Ей было не по себе, когда она смотрела на это снежное покрывало. Ведь еще вчера там, где была развезена грязь, там, где были скомканы последние обрывки жизни лета, уже сегодня покоилась эта самая безразличная млечность, такая чистая и такая бездушная. Тысячи крохотных лужиц, совсем недавно взиравших на небо с отчаянием и надеждой, ныне потянулись мутным стеклом. Они ослепли.

Она была еще очень молода, но ей уже не хотелось ничего менять в своей жизни. Называется ли это счастьем или смирением? Никто этого не знал, а сама она никогда не стремилась изливать душу кому бы то ни было. И этот зимний наряд, укрывший родной город, который другие называли украшением, снежно-белым платьем, она же представляла саваном. Саваном, который укутал в себя хладное тело прошедшей жизни, который навсегда отделил от нее ее устоявшийся быт, который безжалостно пророчил ей перемены, несмотря на безмолвный вопль ее души о том, что не надо, не надо ничего менять, пусть все будет так, так хорошо... Не надо!.. Но поздно.

четверг, 28 января 2010 г.

Стало сложнее

Втянул, что было сил и ожег легкие морозным воздухом. Запрокинул голову, увидев яркий фонарь луны, плывущий в мутноватом мареве. Неспешно пошел к мусорке по скрипучему снегу.

Я погружался мыслями в свое детство, улетал на десяток лет назад, вспоминая, что тогда зима пахла точно так же — морозом, свежестью и таинственными мечтаниями. Еще мне вспомнился другой — теплый, чуть горьковатый запах свежевыглаженного белья — почему-то именно он ассоциировался у меня с домашним уютом, спокойствием и умиротворенностью.

суббота, 2 января 2010 г.

Кто-то и его друзья

Скажи мне, кто твой друг, и я скажу тебе, кто ты.

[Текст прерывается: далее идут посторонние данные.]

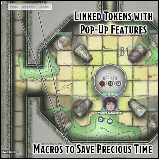 - One-Click Macros. Run faster combat sessions with one-click macros. Simply select a token and watch as macros for core features pop up. The macros auto-roll initiative, skill checks, and saving throws for characters.

Гениальную прозорливость этого суждения я начал осознавать лишь постфактум, когда вокруг меня сложился определенный контингент людей и взаимоотношений с ними.
Тебя создают те, кто тебя окружают. Твою личность формируют твои друзья и близкие, каждая черта твоего характера — это отражение чьего-то поведения, это отголосок чьей-то личности. Ты часть их, а они — часть тебя; вы создаете друг друга.

Человек, рассказывающий о недалекости своих друзей, любящий к месту и не к месту упомянуть какую-нибудь свершенную ими нелепость, сам виноват в том, что окружил себя подобными недотепами. Говоря о том, как имярек был пьян и груб, невежлив и похабен, вульгарен и развязен, и называя его после этого своим самым лучшим другом, человек дает понять, что совершенно не разбирается в людях, коль скоро позволил этому мерзавцу войти в круг своих приятелей.

Задумываясь о своих друзьях, я не могу припомнить ни единого случая, когда кто-то из них совершил бы что-то недостойное. Все они люди спокойные и вежливые, они всегда ведут себя сообразно ситуации. Мне не бывает стыдно за тех, кто меня окружает — не потому, что мне плевать на их поступки, а потому, что они не дают повода.

Бывало, я ошибался в людях — но от их дружбы я так или иначе избавлялся. Переставал навязывать им свою компанию, деликатно, но уверенно, избегал их общества с тем, чтобы окончательно перейти с ними в разряд «шапочных знакомых». Не то что бы я делал это сознательно, стремясь окружить себя лишь элитой интеллигентных интеллектуалов, нет — это происходило само, как-то совершенно естественно. Согласно своим внутренним, подсознательным убеждениям я переставал общаться с теми, кто был мне неприятен.
Мои друзья и близкие знакомые — люди хорошие. Значит ли это, что я тоже хороший человек?..

Но сегодня я ушел гулять на улицу один. Хотелось просто остаться наедине с собственными мыслями — и меня вполне это устраивало. Никого не звал, ни с кем не разговаривал, просто ходил с плеером в компании самого себя. Думал... о всяком и о разном, да и ни о чем существенном.

Это не единичный случай: все чаще и чаще меня устраивает мое одиночество. Быть может, я — никто?..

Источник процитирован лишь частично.